The "canvas" soft top seemed like a no-brainer at $17. I figured it'd be worth that in time alone, if I had to make one myself. So I picked it up. Unlike the disappointment from the .50 MG, this accessory seemed better. Not perfect, but better. I put the ragtop on the jeep and it looked fine, with only minor mods required to make it acceptable. In the pic of the flat cloth ragtop, see those goofy rectangular tabs? Those are double-layer cloth tabs with velcro in between. Zip 'em open and wrap them around the support hoop in the ragtop frame (that's already on the Willys). From the outside, it looks OK, but peeking inside, you see those incredibly (needlessly) huge tabs hanging down inside the jeep. That will be easy/cheap to modify, though, so it's not a very BIG gripe. On other issue with the ragtop is the incredibly small nibs along the top of the windshield to hold the grommets along the front edge of the ragtop. They don't all line up right, and it's impossible to get them all on a nib, so there will be a grommet or two flapping in the wind. Maybe I'll come up with a strip of 2-sided clear tape to hold the top just above the grommets. Not a big deal, but something to fuss with. Minor issues aside, the ragtop seems like a great accessory. And, unlike the MG, it doesn't carry a ludicrous price tag.

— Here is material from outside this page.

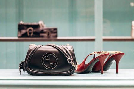 Bologna, Italy - October 6, 2024: Gucci bag and pumps in a boutique window
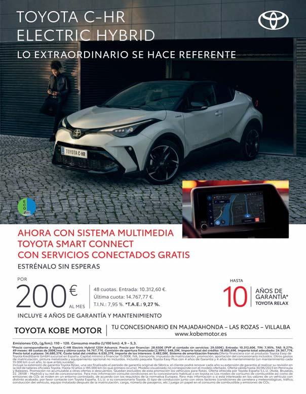 de equipamiento, lo último en conectividad y seguridad, y su eficiente sistema híbrido eléctrico 120H de 116 CV, con tracción delantera (FWD). Esta edición especial se distingue por su color de carrocería exclusivo bi-tono Naranja Kaji y techo solar Toyota Skyview. Cuenta además con el anagrama JBL, llantas de aleación de 17”, faros LED y cristales traseros oscurecidos.

TRAILER (and Hasbro 37mm Cannon)

TRAILER - Here's the Rochobby trailer that matches the MB. The unit markings all match on both Willys and trailer. The trailer shares the same wheels as the jeep; very soft and squishy. The trailer seemed like pretty expensive accessory, but the detail is amazing compared to the vintage 5-Star Jeep's trailer. Although you can't see it very well in the pics, beneath the top lip of the trailer there are a bunch of little hooks where you'd secure the tarp. Although it's not an available accessory, it wouldn't be difficult to build a tarp for the trailer, with elastic loops to secure it to the trailer itself. The trailer tongue "kick stand" operates the opposite of the 5-Star's tongue stand. This one folds FORWARD beneath the trailer hitch, rather than BACKWARDS between the arms of the trailer's A-frame. I have no idea which is more realistic. I do know that this Rochobby trailer is pretty cool. Look at the photo of the underside of the trailer. You're looking at metal leaf springs that actually function the way leaf springs should! Wow! What a nice little bit of detailing! The little box on the trailer's front wall (on the jeep side) has a hinged lid. No idea what's supposed to go in there, but it's cool. The trailer chains seem to be metal. Nice touch. I have no idea where to hitch the safety chains to the Willys... nothing was intuitively obvious and everything I tried hooking them to seemed too short (for cornering). I just tossed them back over the A-frame arms and didn't bother hooking them up. The pintle hitch on the Willys operated as you'd expect, and clamped the trailer's ring well enough to drag the trailer around on pavement, gravel, and through grass. I concluded that the trailer is pretty awesome and is a must-have accessory. Although if you're on a budget and have a Hasbro 37mm cannon on hand, the jeep looks AWESOME pulling it! I put 5-Star Jeep wheels on my 37mm cannon, because the silly little wheels that it came with look very out of scale. Maybe the stock 37mm cannon wouldn't look quite as cool. When pulling the Hasbro 37mm anti-tank gun, those hollow blow molded wheels sure sound funny compared to the soft rubber (quiet) wheels on the Willys! I'm not sure which I like better behind the jeep, the matching trailer or the 37mm cannon!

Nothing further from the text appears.